ORLEANS. L’Orchestre Symphonique d’Orléans joue Beethoven, Bartok

BEETHOVEN-AFFICHE-PNG-524x1024ORLEANS, les 10 et 11 février 2018. Beethoven… Et l’influence folklorique. L’Orchestre Symphonique d’Orléans poursuit sa nouvelle saison 2017 – 2018 en croisant les écritures éclectiques de Bartok, Beethoven, Kodaly… Toutes manifestent une volonté de renouvellement en intégrant les mélodies du folklore… On ne soulignera jamais assez la présence et l’influence des musiques populaires de tradition orale, dans le processus de création et de compositions des compositeurs, y compris chez les plus grands. Voilà qui efface bien des clichés et des partis pris, opposant de façon improductive, le « savant » (ou la grande musique) et le populaire… On ne s’étonne plus de mentionner chez Schubert et chez Brahms, des citations de landler, ou de motifs populaires ; ni de repérer chez Bartok ou Kodaly, d’authentiques citations qui ont valeur de références ethnologiques. Le cas est semblable chez Beethoven, comme le démontre ce nouveau programme événement de l’Orchestre d’Orléans les 10 et 11 février 2018.

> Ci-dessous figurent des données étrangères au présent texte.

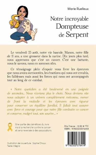 Le vendredi 23 août, notre vie bascule. Manon, notre fille de 11 ans, a une grosseur dans la narine. Dix jours plus tard, nous apprenons que c'est un cancer. C'est une battante, nous le savons, nous en sommes sûrs.Ce témoignage plein d'espoir vous livre les épreuves que nous avons surmontées, les émotions qui nous ont envahis, les faiblesses mais aussi les forces qui nous ont accompagnés tout au long de ce combat."Notre quotidien a été bouleversé en une poignée de secondes... Nous n'avions plus le choix. Nous devions vite nous adapter à un univers complètement méconnu, mener de front la maladie et les épreuves avec rigueur pour conserver un équilibre familial. Il fallait tout assurer avec force et courage pour que notre fille combatte ce cancer et conserve, malgré tout, son sourire..."Une partie des bénéfices du livre ira à la recherche contre le cancer et sera reversée à des associations.
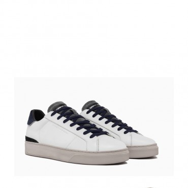 Sneaker made with high quality materials Made in Italy White leather upper, black suede details Dark blue suede heel Dark gray suede tongue with logated leather label Dark blue cotton laces Leather and fabric lining MK Light sole, 2.5 - 3.5 cm high
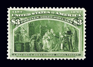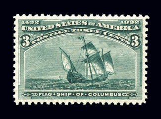 77 og 243 image#243, $3.00 Columbian, handsome mint single, with extraordinarily well balanced margins all around, rich fresh color, o.g., lightly hinged, extremely fine; a choice example; 1989 PF certificate. (Image) $1,900.00
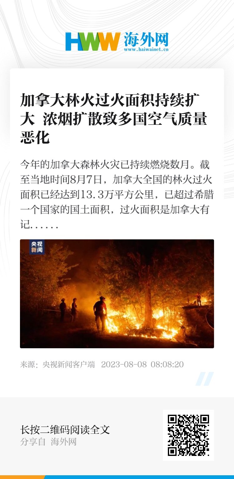 今年的加拿大森林火灾已持续燃烧数月。截至当地时间8月7日,加拿大全国的林火过火面积已经达到13.3万平方公里,已超过希腊一个国家的国土面积,过火面积是加拿大有记录以来最大的一年。其中,多数火场集中在加拿大西部,以不列颠哥伦比亚省最为严重。
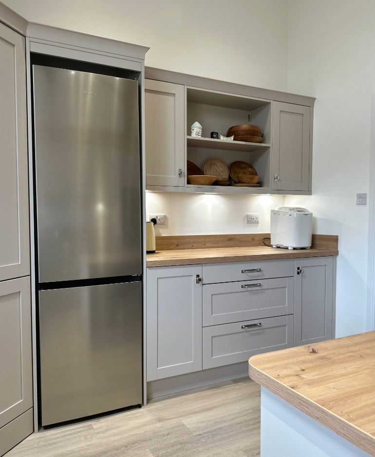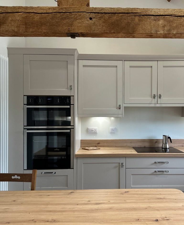 The finished kitchen balances simplicity with warmth,  a classic shaker design, tailored perfectly to the client’s lifestyle and love of home baking.
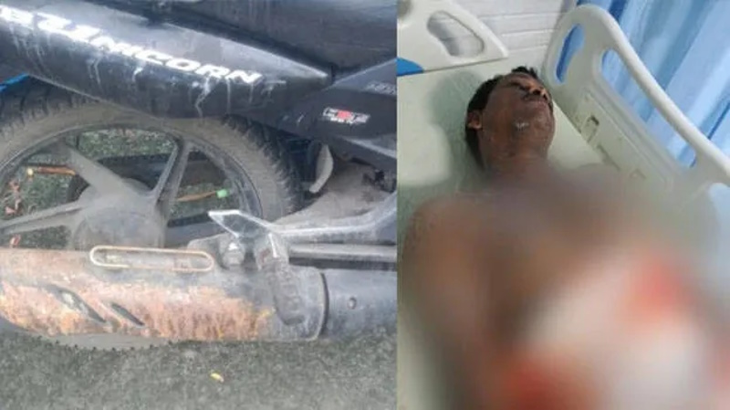 ഓടിക്കൊണ്ടിരുന്ന ലോറിയിൽ നിന്ന് ആസിഡ് തെറിച്ചു വീണ് മോട്ടോർ സൈക്കിൾ യാത്രക്കാരന് പൊള്ളലേറ്റു
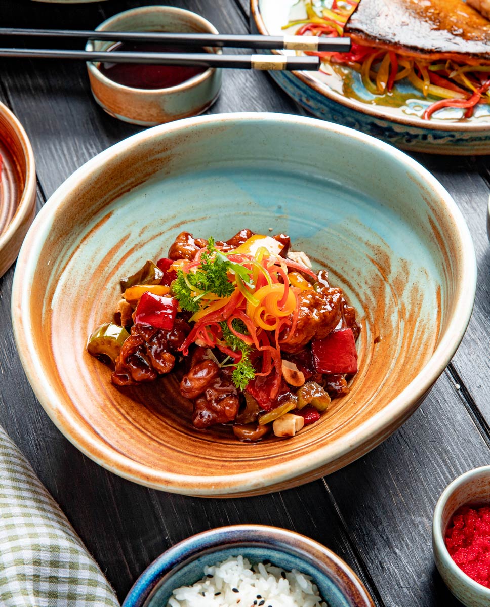 - Remettre le wok sur le feu, laisser réchauffer et ajouter l'ananas, les poivrons, le piment et les morceaux de porc. Bien mélanger et laisser cuire à feu doux durant 20 minutes.

ORLEANS, Théâtre / Salle Touchard
Le 10 février 2018, 20h30
Le 11 février 2018, 16h
RESERVEZ VOTRE PLACE
http://www.orchestre-orleans.com/concert/beethoven-linfluence-folklorique/

Orchestre Symphonique d’Orléans
Takuya OTAKI, piano
Simon Proust, direction

Programme :

BÉLA BARTÓK

Romanian Folk Dances BB 76
Composées en 1917, les danses éclairent la volonté du musicien de ressusciter un patrimoine culturel par l’assimilation profonde du folklore dont il a lui-même noté dans les campagnes la diversité inspiratrice : rythmes, harmonisations respectueuses des caractères modaux de la musique populaire roumaine.

3ème Concerto pour Piano et Orchestre en mi majeur Sz119
Ecrit en 1945, le Concerto pour piano n°3 est le dernier ouvrage de Bartók. Il est dédié à sa femme, … d’où un certain caractère « féminin » (clarté dans la structure, transparence des tonalités, sérénité des sentiments exprimés … en une simplicité qui serait ainsi la marque de l’inspiration dernière de Bartók. La création posthume de l’œuvre a eu lieu l’année suivante en 1946 à Philadelphia avec Gyorgy Sandor au piano.

LUDWIG VAN BEETHOVEN
Symphonie n°1 op.21 en do majeur
Par ce premier opus symphonique – préambule et manifeste d’un cycle à venir parmi les plus novateurs et visionnaires de l’histoire du genre symphonique, Beethoven cherche et trouve son propre langage. Cette première symphonie déborde d’énergie. Elle utilise de manière intensive les bois et les cuivres, au point qu’elle fut surnommée la « symphonie militaire ». Cette martialité qur tranche avec l’esprit d’élégance facétieuse et la grâce de Haydn et de Mozart, n’empêche pas une maîtrise absolue de l’orchestration. La 1ère audition eut lieu à Vienne en avril 1800 sous la direction du compositeur.

KODALY
Dances from Galanta
Aussi inspiré et ému sincèrement par les mélodies populaires de son enfance, Kodaly se souvient ici des thèmes de son village de Galanta, réputé pour son orchestre tzigane. Il intègre dans son propre langage musical, ce folklore riche en airs exotiques, parfois nostalgiques, toujours indomptés. Commande pour le 80e anniversaire de la Société Philharmonique de Budapest, les Danses Galanta sont créées le 23 octobre 1933.

Présentation des interprètes…

Takuya OTAKI, jeune pianiste japonais, interprétera le 3e concerto pour piano de Bartók. Le piano de Takuya est celui de Falla comme celui de Crumb, imaginatif et empreint de douceur et de violence.

Simon PROUST est un jeune chef d’orchestre dynamique et sensible qui réunit une direction expressive et un enthousiasme communicatif. En 2016, Il a obtenu un 2e Prix au Concours International de Direction George Enesco et à été nommé « Talent ADAMI 2016 ». Actuellement, il est « Conducting Fellow » au Royal Conservatoire of Scotland à Glasgow. Simon Proust vient d’être nommé Chef-assistant à l’Ensemble Intercontemporain.